In contrast to nuclear cataracts, cortical cataracts are associated with the local disruption of the structure of mature fiber cells. Once membrane integrity is compromised, essential metabolites are lost from the affected cells. This loss leads to extensive protein oxidation and precipitation. Cortical cataracts are usually bilateral but are often asymmetric. Their effect on visual function varies greatly, depending on the location of the opacification relative to the visual axis. A common symptom of cortical cataracts is glare from intense focal light sources, such as car headlights. Monocular diplopia may also result. Cortical cataracts vary greatly in their rate of progression; some cortical opacities remain unchanged for prolonged periods, whereas others progress rapidly.
The first signs of cortical cataract formation visible with the slit-lamp biomicroscope are vacuoles and water clefts in the anterior or posterior cortex (Fig 5-3). The cortical lamellae may be separated by fluid. Wedge-shaped opacities (often called cortical spokes or cuneiform opacities) form near the periphery of the lens, with the pointed end of the opacities oriented toward the center (Fig 5-4). Since these peripheral opacities occur in fiber cells that extend from the posterior to the anterior sutures, they affect only the central regions of the fiber cells. In the initial stages of the cataract, affected fiber cells remain clear at their anterior and posterior ends. The cortical spokes appear as white opacities when viewed with the slit-lamp biomicroscope and as dark shadows when viewed on retroillumination. The wedge-shaped opacities may spread to adjacent fiber cells and along the length of affected fibers, causing the degree of opacity to increase and extend toward the visual axis. When the entire cortex from the capsule to the nucleus becomes white and opaque, the cataract is said to be mature (Fig 5-5). In mature opacities, the lens takes up water, swelling to become an intumescent cortical cataract.

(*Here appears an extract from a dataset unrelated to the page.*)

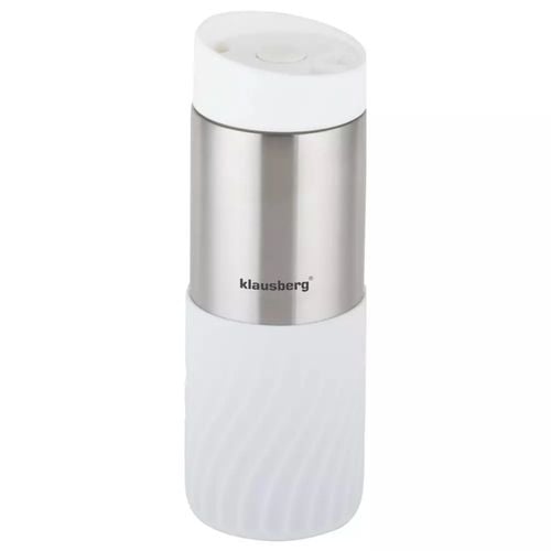 Kubek - termos nowej generacji o pojemności 400 ml firmy KLAUSBERG wykonany ze stali nierdzewnej z izolacją próżniową DOUBLE WALL. Kubek posiada odkręcana pokrywkę z wylewką Click-clack. Przycisk w pozycji OFF zamyka szczelnie kubek i działa on jak termos. Gdy przycisk jest w pozycji ON można z niego korzystać jak ze zwykłego kubka. Z dolnej części kubek wykończony opaską silikonową z falistym wzorem zapewniającą pewny chwyt. Izolacja próżniowa sprawia że kubek długo utrzymuje temperaturę wewnątrz, podobnie jak termos. Podstawa antypoślizgowa. Kubek termiczny Klausberg prezentuje się jako esencja nowoczesnego designu i funkcjonalności. Jego biały kolor w połączeniu ze srebrnymi elementami tworzy doskonałą harmonię, dodając mu nie tylko elegancji, ale też charakteru.

A hypermature cataract occurs when degenerated cortical material leaks through the lens capsule, leaving the capsule wrinkled and shrunken (Fig 5-6). A morgagnian cataract occurs when further liquefaction of the cortex allows free movement of the nucleus within the capsular bag (Fig 5-7).
Histopathologically, cortical cataracts are characterized by local swelling and disruption of the lens fiber cells. Globules of eosinophilic material (morgagnian globules) are observed in slitlike spaces between lens fibers.